Biologists first reconstructed dinosaur’s intimate opening

(ORDO NEWS) — For the first time, paleontologists have thoroughly studied the cloaca of a dinosaur – a hole used for reproduction, defecation and urination.

The intimate details are described in a scientific article published in the journal Current Biology.

In amphibians, reptiles, birds and even some mammals, urination, defecation and sexual excretion occur through the same opening – the cloaca. No one has previously described this organ of the now extinct animal dinosaurs in scientific articles. Which, however, is not surprising: it contains no bones and has almost no chance of being preserved in the fossils.

However, the authors of the new article examined a unique specimen. The skin of a Psittacosaurus specimen is better preserved than in any other dinosaur fossil. By the way, it was thanks to this sample that paleontologists discovered a camouflage color in the Mesozoic pangolin several years ago. Now the experts have continued their research, finding out the most intimate details of the anatomy of this creature the size of a modern Labrador.


“It was absolutely amazing for a paleoartist to be able to recreate one of the last remaining features of dinosaurs that we knew nothing about,” admits the article’s co-author, paleoartist Robert Nicholls.

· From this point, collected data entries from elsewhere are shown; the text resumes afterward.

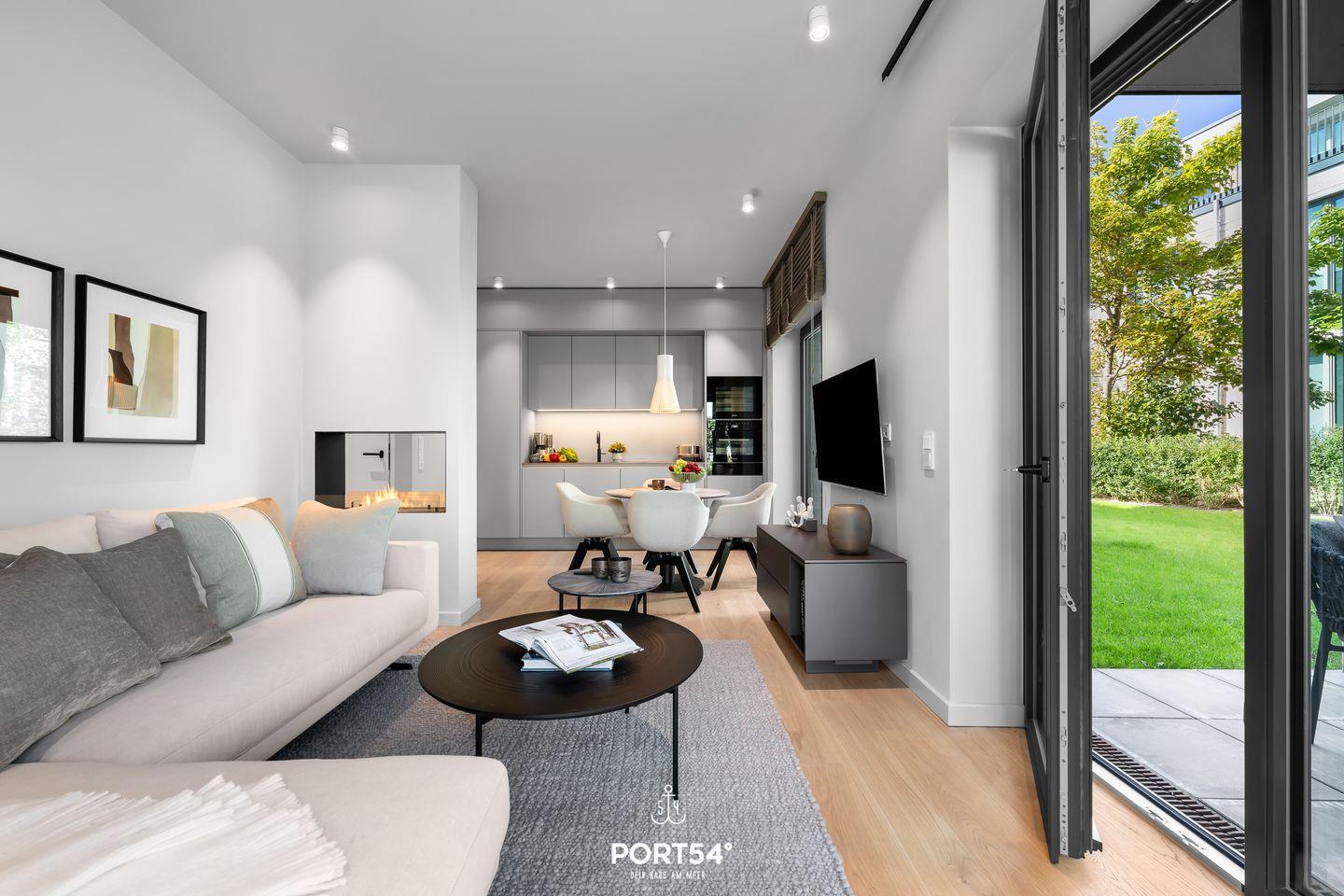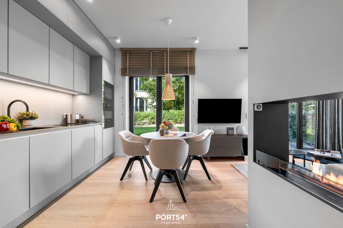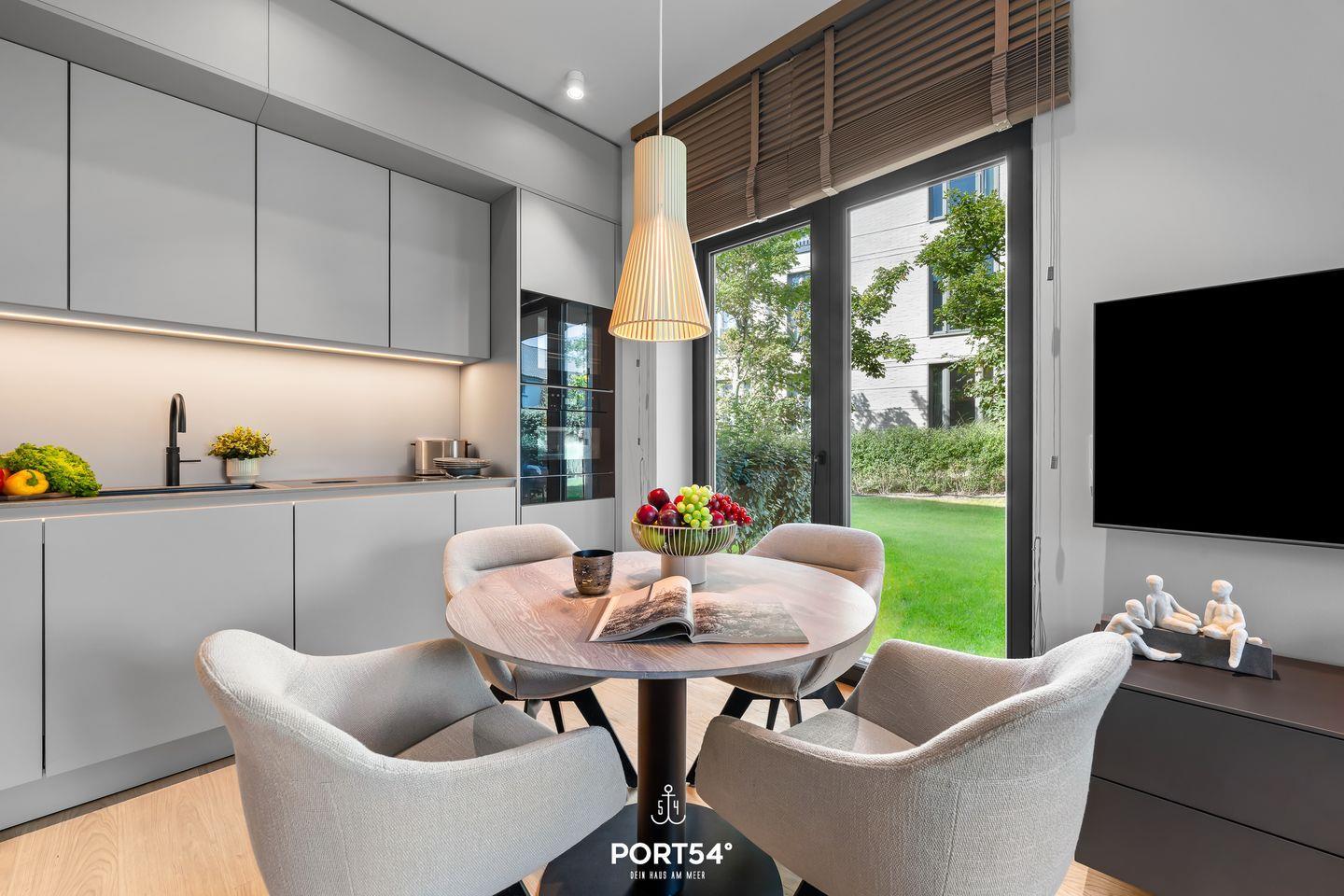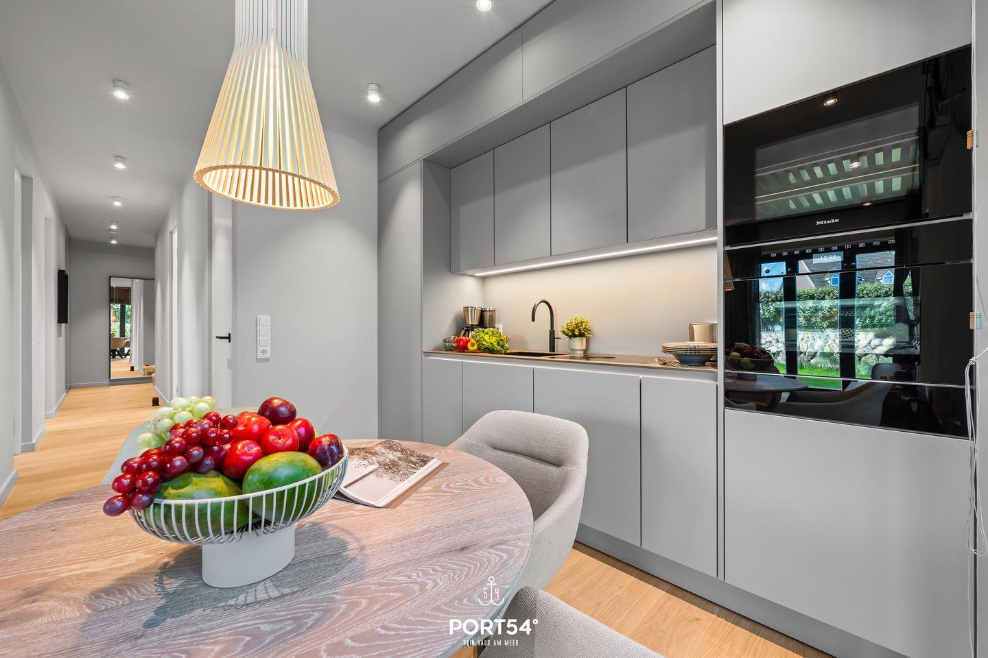 Herzstück der Wohnung ist der offene Wohnbereich, der Hell und einladend ist. Die moderne Küche von SieMatic ist mit einem Induktionsherd, Backofen, Wärmeschublade und einem Geschirrspüler voll ausgestattet. Außerdem finden Sie in der Küche einen Quooker, damit lässt sich problemlos heißes Wasser, sowie Sprudelwasser erzeugen. Für gemütliche Abende steht Ihnen ein bequemer Sofabereich zur Verfügung, um die Zeit gemeinsam zu verbringen oder einen Film auf dem Smart-TV zu genießen.
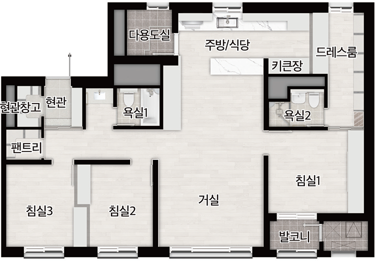 주방 키큰장 주방을 확장하는 유상옵션을 선택하면 주방 상하부장이 늘어난다. 안쪽에 키큰장도 설치돼 수납 용량이 대폭 커진다.
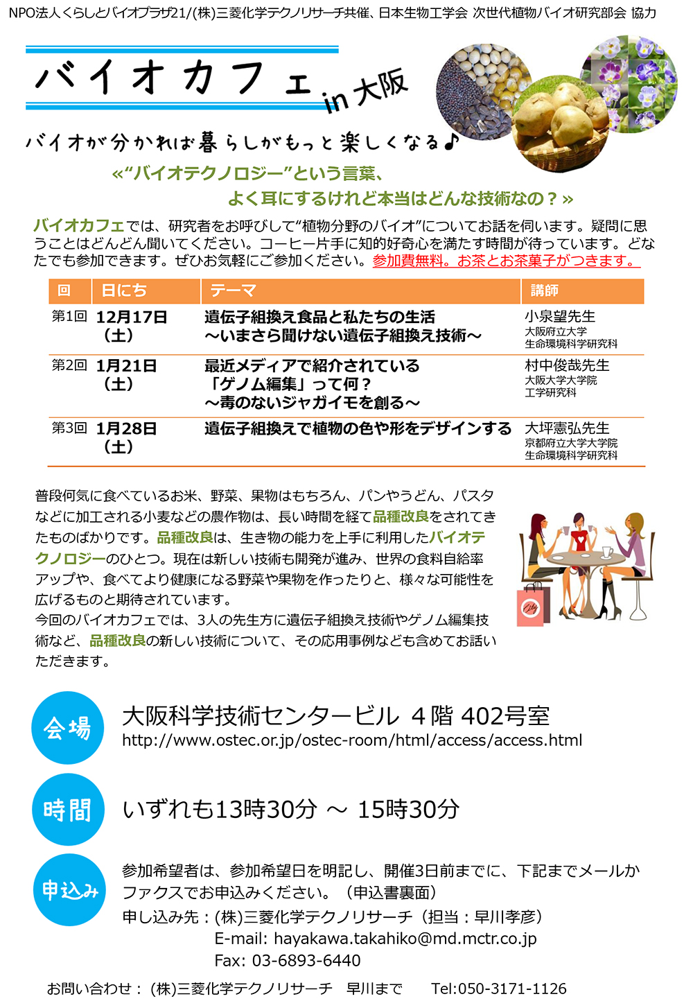 3回にわたり「バイオカフェ in 大阪」と題して、サイエンスカフェを開催します。農林水産分野で進められている最先端の育種技術 (遺伝子組換え技術、ゲノム編集技術等)の開発について、広く一般の方々に理解を深めていただくことを目的としています。 大阪大学工学研究科の村中教授、他2名の講師が、遺伝子組み換え食品、ゲノム編集、植物の潜在力などについて語ります。参加費無料。お茶とお茶菓子が付きます。

Having become interested in the excretory opening of a dinosaur, biologists were going to compare it with the cloaca of modern animals. However, the authors were faced with the fact that the appearance of these organs in different species is extremely poorly described in the scientific literature. So the experts had to conduct their own research on what and who is right under their tail.

Researchers have found that the cloaca looks different in different groups of animals. The organ of the psittacosaurus also had its own “face”, although it had some similarities with the cloaca of modern crocodiles. Just in case, let us remind you that crocodiles and dinosaurs belong to the same group of reptiles (archosaurs).


Paleontologists note that on both sides of the cloaca of the Mesozoic raptor, there were large spots stained with melanin. Scientists suggest that such a “mark” should have attracted a sexual partner. At least today, this happens in some birds. In addition, the researchers believe that near the cloaca there could be glands that produce an odorous substance (a trait characteristic of modern crocodiles).

Unfortunately, scientists did not have the opportunity to study the internal structure of the cloaca and determine the sex of the animal. Such details have not been preserved even in this unique fossil.